There's general research on microbiome that does show that antibiotics and restricted diets do have a negative effect on the number and range of bacteria in your gut.
If you really think about it a shed load of medications come from humans, like infertitily drugs (Danish Army ) and RC Covents in various European Countries and if its so bad to think about would you refuse blood or a kidney. I'm sure they will make sure its not going to be just dropped into the loo then gathered and whacked in ! and if it could work then worth taking a chance. Not only that if you did'nt know how or what the begining product was would it matter.?
I think it's a really interesting idea.... one major field fecal transplants has been used in is the treatment of Chrohn's disease and other inflammatory bowel disorders. It has been shown that a rise in a specific species of bacteria in your gut may lead to some of the gut-related conditions, so a fecal transplant is a pretty good way to introduce bacteria into your gut in proportions that are known to lead to gut health.
For use in RA, I assume we;d have to first learn of a link with the microbiome in our gut contributing to disease which (I think?) hasn't been shown as yet. But, for example, if we knew that a lot of Shigella bacteria were disproportionately in the guts of people with RA that kind of thing would be a start, and the aim of fecal transplant would then be to introduce healthy populations of bacteria into our guts to compete with the Shigella.
In terms of how long these things last.... depends on the root of the problem? Could only be a short term fix (even if instantaneous) if the reason for your abnormal gut microbiota is environmental and you keep the same habits. If reason is genetic, may need repeated transplants. If reason is infection which has knocked your microbiota off for some reason, may be more long term effect having a transplant? Who knows - maybe it is a bacteria that causes inflammation in our guts initially and then leads to a cascade heading for joints? All to be discovered....

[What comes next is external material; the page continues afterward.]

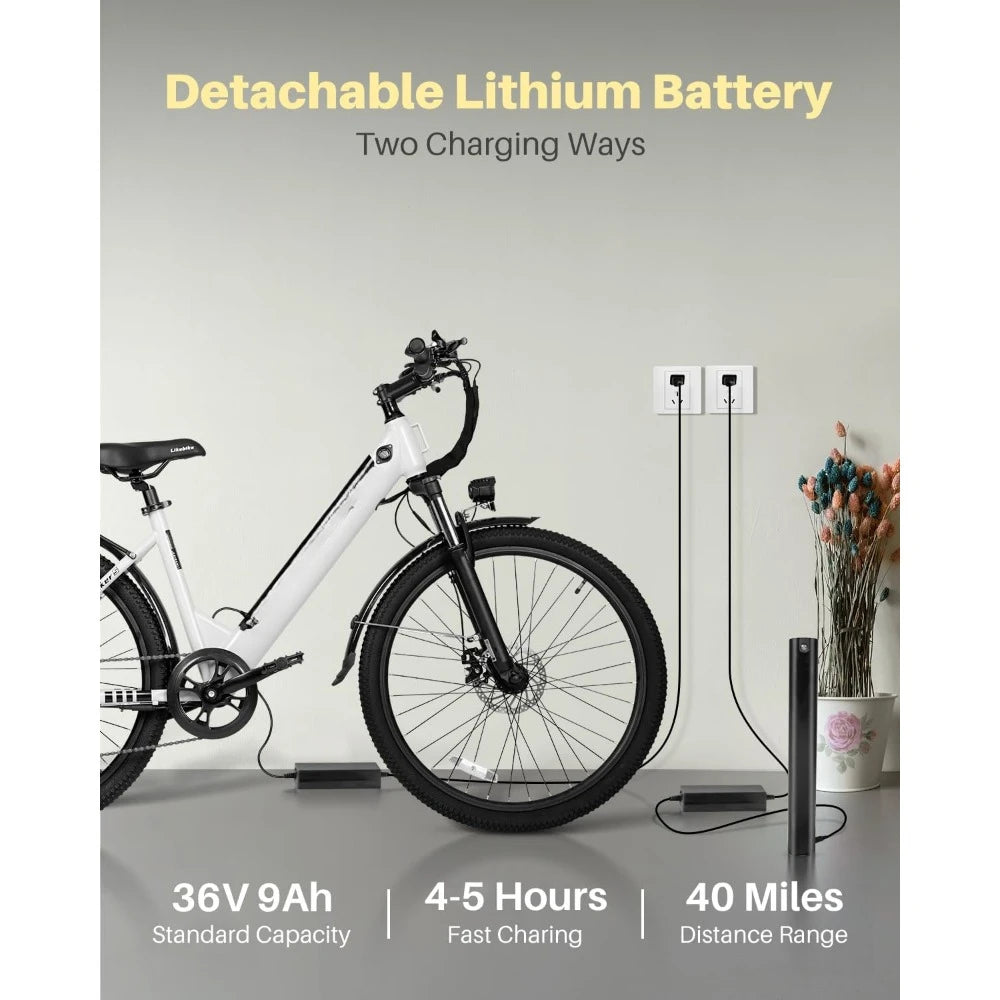 Electric Bike, UL 2849 Certified, Step Through Electric Bicycle with 350W Motor, 36V 9Ah Removable Battery, 20MPH E-Bikes

I think fecal transplants are really smart - take what works and put it where the problem is!
Thanks you've made me really think about this more (as have all the other interesting replies on here) and raised a lot of questions. Imagine if a permanent cure could be achieved in the future - even if people's habits/lifestyle had to change it would be worth it. However research seems to move slowly so whether it will be in my lifetime I'm not sure. I don't know whether RA research is less well funded than other forms but progress seems to be a little slow (I'm on MXT with not much hope of being given biologics if it doesn't work and MXT has been around 30 years I was told!).
Just got into uni this morning and the people in the office just next door are working on RA... research takes a while for sure, but we'll get there! I hope the benefit reaches you. Methotrexate has been first line treatment for ages, yes.... I'm on it too!
Reading this while eating my breakfast yuk! Might read again later!!
Hello again finished breakfast! just have to wait and see how research pans out I think.
I know it has been very successful for some people, there is some information about it in the Clever Guts Diet book by Michael Mosley.